(Stored data):
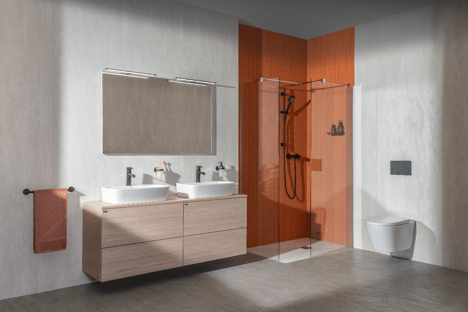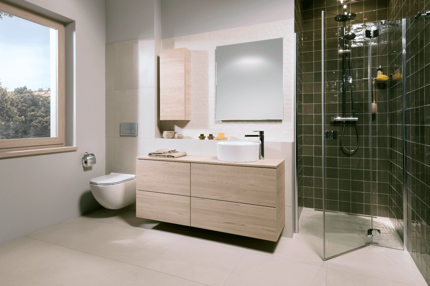 - Nábytok v drevodekore a tlmené odtiene prispievajú k harmonickej atmosfére celej kúpeľne. Skrinky zo série Cubito značky JIKA boli navrhnuté v minimalistickom nadčasovom štýle bez rušivých prvkov.
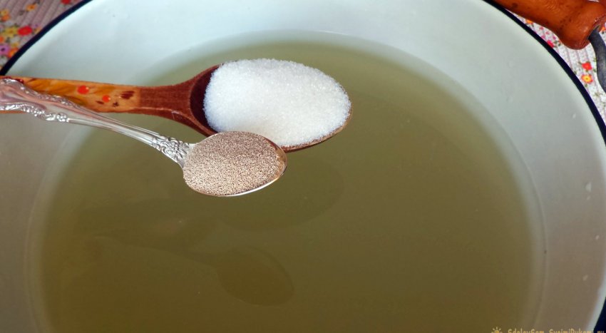 Растворяю в полученной жидкости сахар и дрожжи. Если кто-то по каким-то причинам не любит газированные напитки, то добавление дрожжей можно пропустить. В таком случае вы просто получаете освежающий лимонно-имбирный компот, немедленно готовый к употреблению. Однако я все же рекомендую добавить дрожжи, чтобы соблюсти изначальную задумку и лимонад получился «для взрослых».
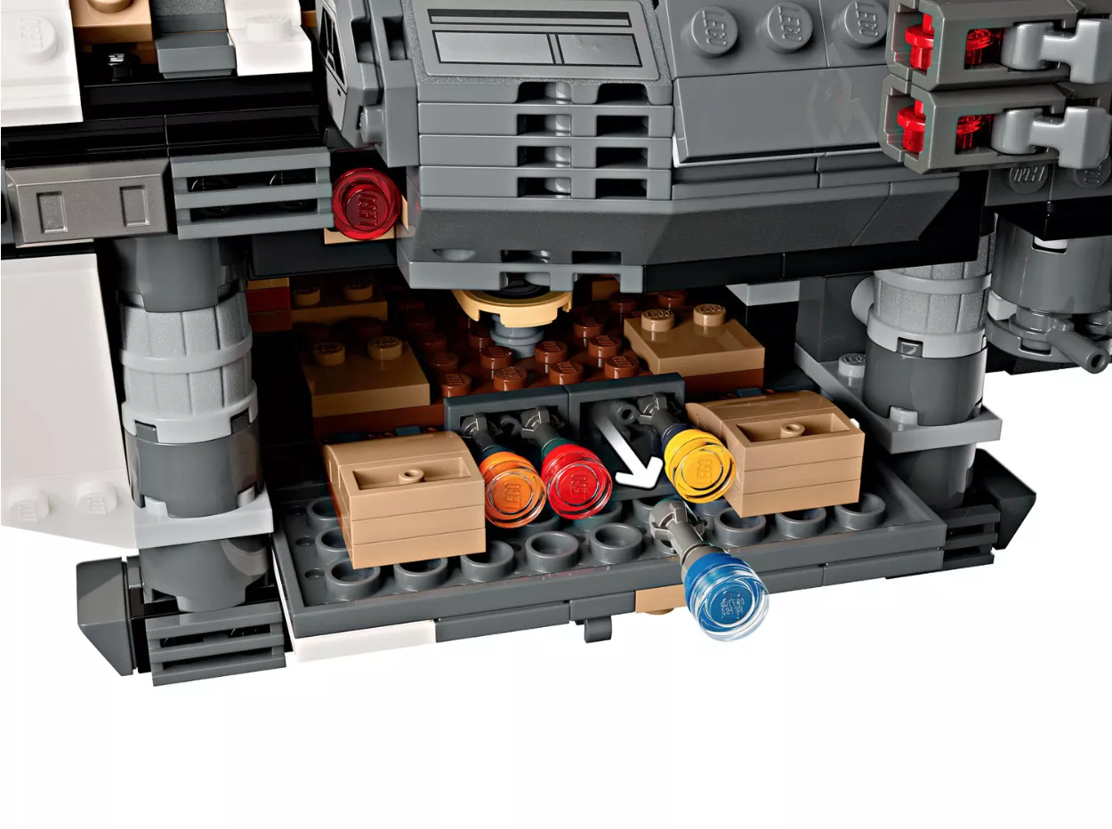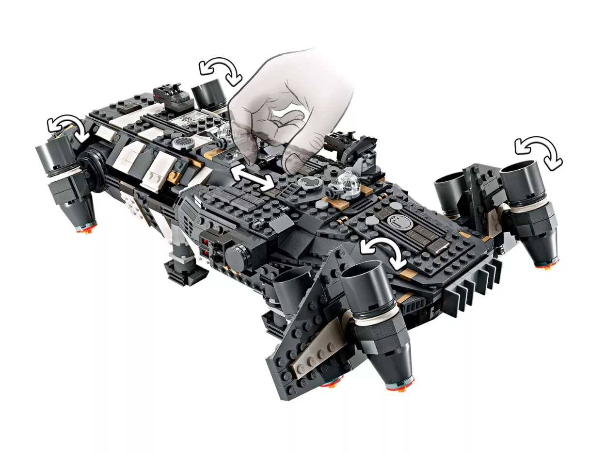 •Аутентичные особенности: кабина пилота, отсек с сиденьями для 4 минифигурок LEGO, вращающиеся двигатели для посадки, взлёта или полёта, 2 шипомета с креплением на штырях и 2 вращающимися турелями, каждая из которых оснащена шипометом.
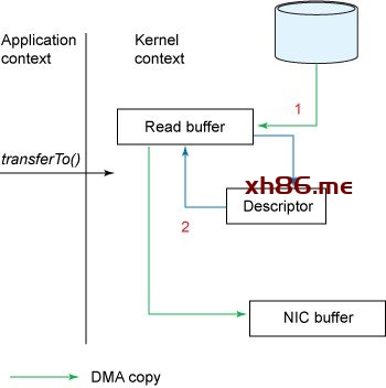 根据前面的示例,调用transferTo()方法会使设备通过 DMA 引擎将数据读取到内核读取缓冲区中。但是,使用gather操作时,读取缓冲区和套接字缓冲区之间没有复制。取而代之的是,给 NIC 一个指向读取缓冲区的指针以及偏移量和长度,该偏移量和长度由 DMA 清除。CPU 绝对不参与复制缓冲区。

(Work request): Reproduce nothing but the lines from the line containing "Растворяю в полученной" through the last line of the data above, exactly as written and without pictures.

(Solution for this problem):
 Растворяю в полученной жидкости сахар и дрожжи. Если кто-то по каким-то причинам не любит газированные напитки, то добавление дрожжей можно пропустить. В таком случае вы просто получаете освежающий лимонно-имбирный компот, немедленно готовый к употреблению. Однако я все же рекомендую добавить дрожжи, чтобы соблюсти изначальную задумку и лимонад получился «для взрослых».
 •Аутентичные особенности: кабина пилота, отсек с сиденьями для 4 минифигурок LEGO, вращающиеся двигатели для посадки, взлёта или полёта, 2 шипомета с креплением на штырях и 2 вращающимися турелями, каждая из которых оснащена шипометом.
 根据前面的示例,调用transferTo()方法会使设备通过 DMA 引擎将数据读取到内核读取缓冲区中。但是,使用gather操作时,读取缓冲区和套接字缓冲区之间没有复制。取而代之的是,给 NIC 一个指向读取缓冲区的指针以及偏移量和长度,该偏移量和长度由 DMA 清除。CPU 绝对不参与复制缓冲区。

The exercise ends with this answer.